Set up a job to write the file names of everything in your file system to a text file and make sure that text file gets backed up. I did that on my Unraid server for years in lieu of fully backing up the whole array.

servarr* and jellyfin are managing my movies and tv-shows

[–] ShortN0te@lemmy.ml 1 points 1 day ago

That should be part of the backup configuration. You select in the backup tool of choice what you backup. When you poose your array then you download that stuff again?

[–] givesomefucks@lemmy.world 3 points 1 day ago (1 children)
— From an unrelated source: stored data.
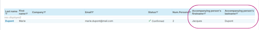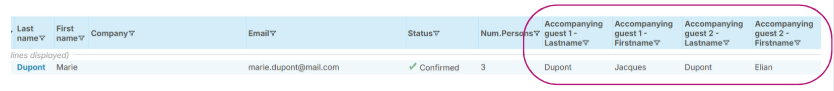 Note : Accompanying guests do not appear in your guests’ list as independent attendees. They are listed only on the accompanied participant’s row.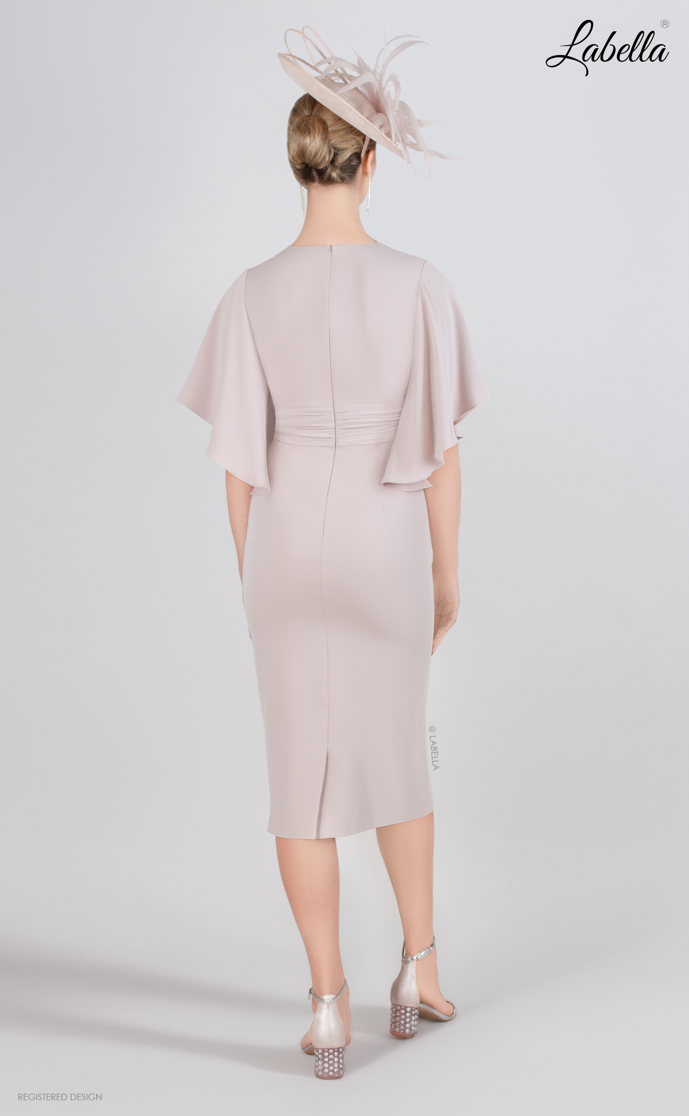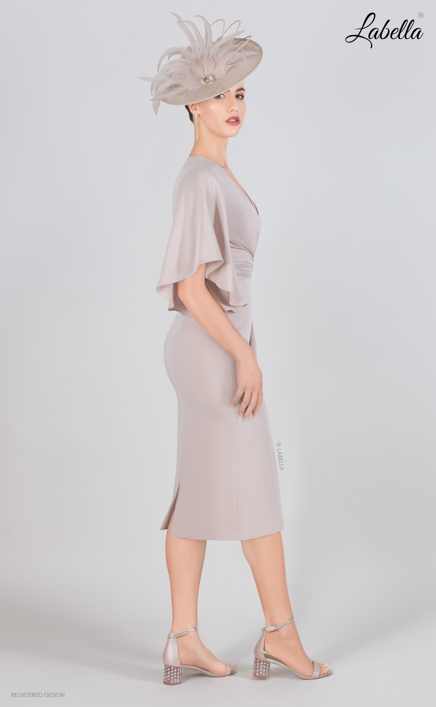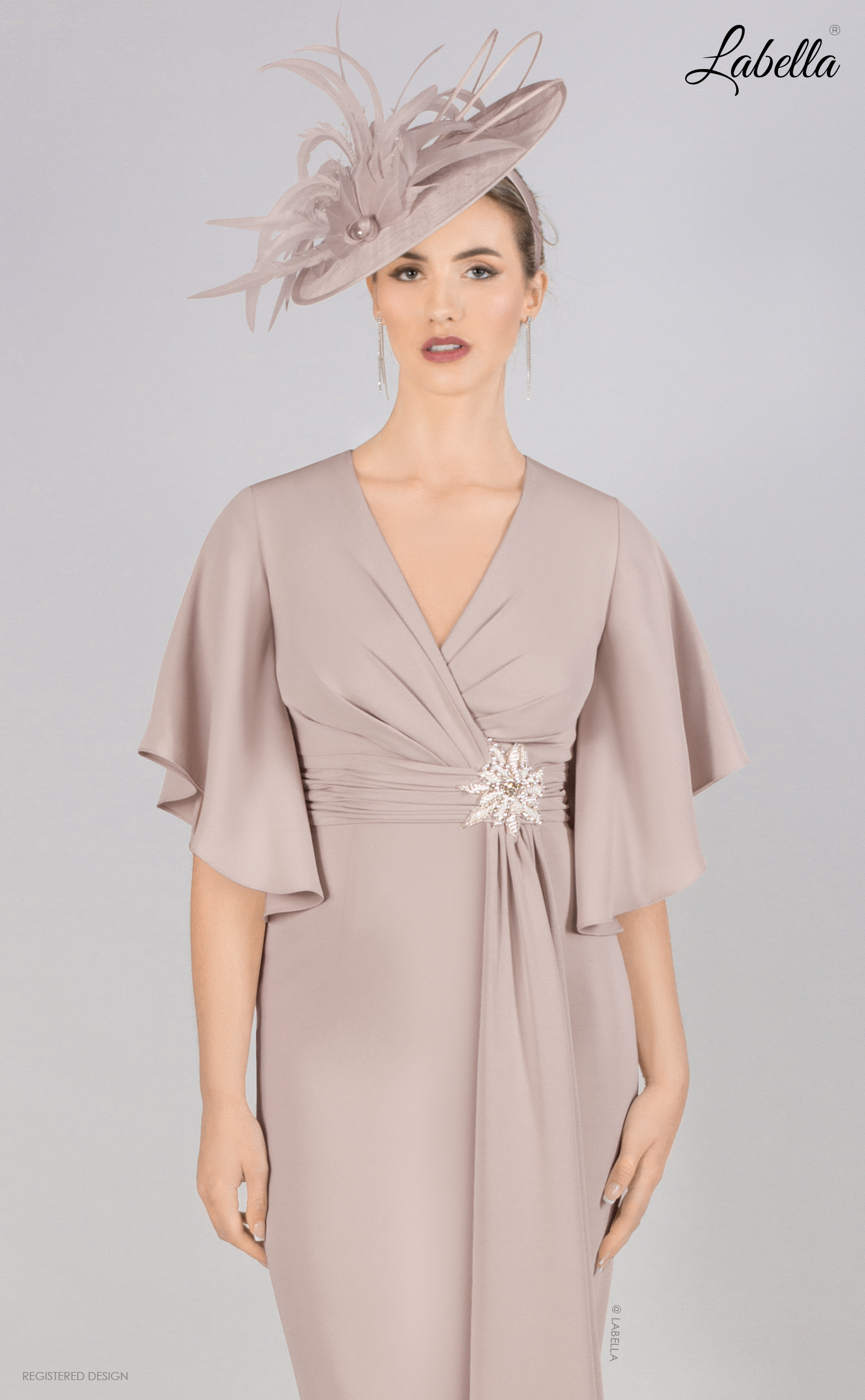 This knee-length dress is both floaty and fitted, featuring a classic cross-body style with a belt jewel detail that cinches at the waist. The added fabric falls elegantly down the front of the skirt, while beautiful bell sleeves cascade over the shoulders, creating a chic yet sophisticated look. • V-neck • Cross-over top • Beaded jewel feature • Ruffle sleeves • Form-fitting silhouette • Knee length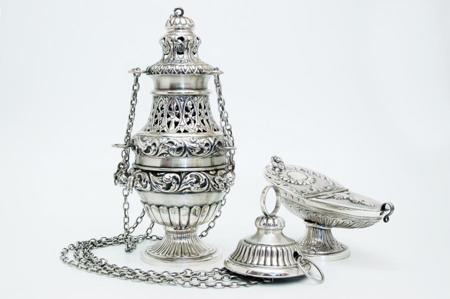Turibolo in metallo argentato cesellato, completo di navicella.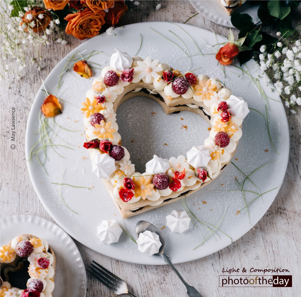 Sable biscuit celebration “cakes” has been the recent trend and I wanted to create one. So what better opportunity is there than Valentine’s Day to create a Heart Shape Sable Biscuit Cake? I created a recipe with orange blossom area and orange ganache, garnished with Swiss meringue and petite chocolate flowers. The heart also represents my passion for pastry cooking. The photo was shot in my home studio in natural light with the help of a reflector to create a little shadow. I used orange roses to represent the orange flavour of the filling.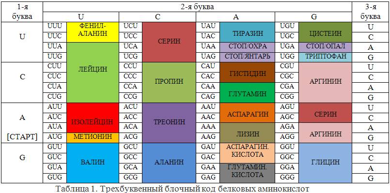 Трехбуквенный блочный код для двадцати аминокислот сильно избыточен: 20<<43=64. Однако избыточность кода, как и избыточность вообще, дает возможность борьбы с ошибками в работе любых систем. В теории информации построение корректирующих кодов, позволяющих путем математических процедур выявлять и автоматически исправлять такие ошибки, является одной из основных задач. Не является ли и здесь избыточность следствием решения природой этой задачи? В таблице 1 приведен реальный генетический код. Трехбуквенные слова кода из алфавита (A, G, U, C) называют кодонами. Из 64 кодонов 61 используется для кодирования 20-ти аминокислот, а три выполняют функции точки в конце генов (стоп-кодоны). Один из кодирующих кодонов, а именно метионин (AUG), выполняет особую роль – все предложения языка белков начинаются с него. Поэтому его еще называют стартовым кодоном, хотя он может появляться и внутри предложений. Код действительно избыточен – почти все аминокислоты имеют несколько вариантов кодирования. Однако легко заметить, что в ряде случаев действует следующее правило: «кодоны одной и той же аминокислоты отличаются только последней буквой».

I only care about the 4tb of personal data and I push that to a cloud backup

I have doubles of the data. Some of 'em. That way I know I have a pristine one in backup. Then I can use it, it gets corrupted, I don't care.

Actually, I have triples of the W2s. I have triples, right? If I don't, the other stuff's not true.

See, the W2s the one I have triples of. Oh, no, actually, I also have triples of the kids photos, too. But just those two. And your dad and I are the same age, and I'm rich and I have triples of the W2s and the kids photos.

Triples makes it safe.

Triples is best.

https://www.youtube.com/watch?v=8Inf1Yz_fgk

[–] NekoKoneko@lemmy.world 2 points 1 day ago

Bob Odenkirk has never steered us wrong, thanks. I downloaded three copies of this from YouTube in case I forget.

[–] hendrik@palaver.p3x.de 3 points 1 day ago* (last edited 1 day ago)

I follow a similar strategy. I back up my important stuff. And I'm gonna have to re-rip my DVD collection and redownload the Linux ISOs in the unlikely case the RAID falls apart. That massively cuts down on the amount of storage needed.

[–] BakedCatboy@lemmy.ml 2 points 1 day ago

Same here, ~30TB currently but my personal artifacts portion is only like 2TB, which is very affordable with rsync.net, which conveniently has an alerts setting if more than X kb hasn't changed in Y days. (I have my Synology set up to spit out daily security reports to meet that amount, so even if I don't change anything myself I won't get bugged)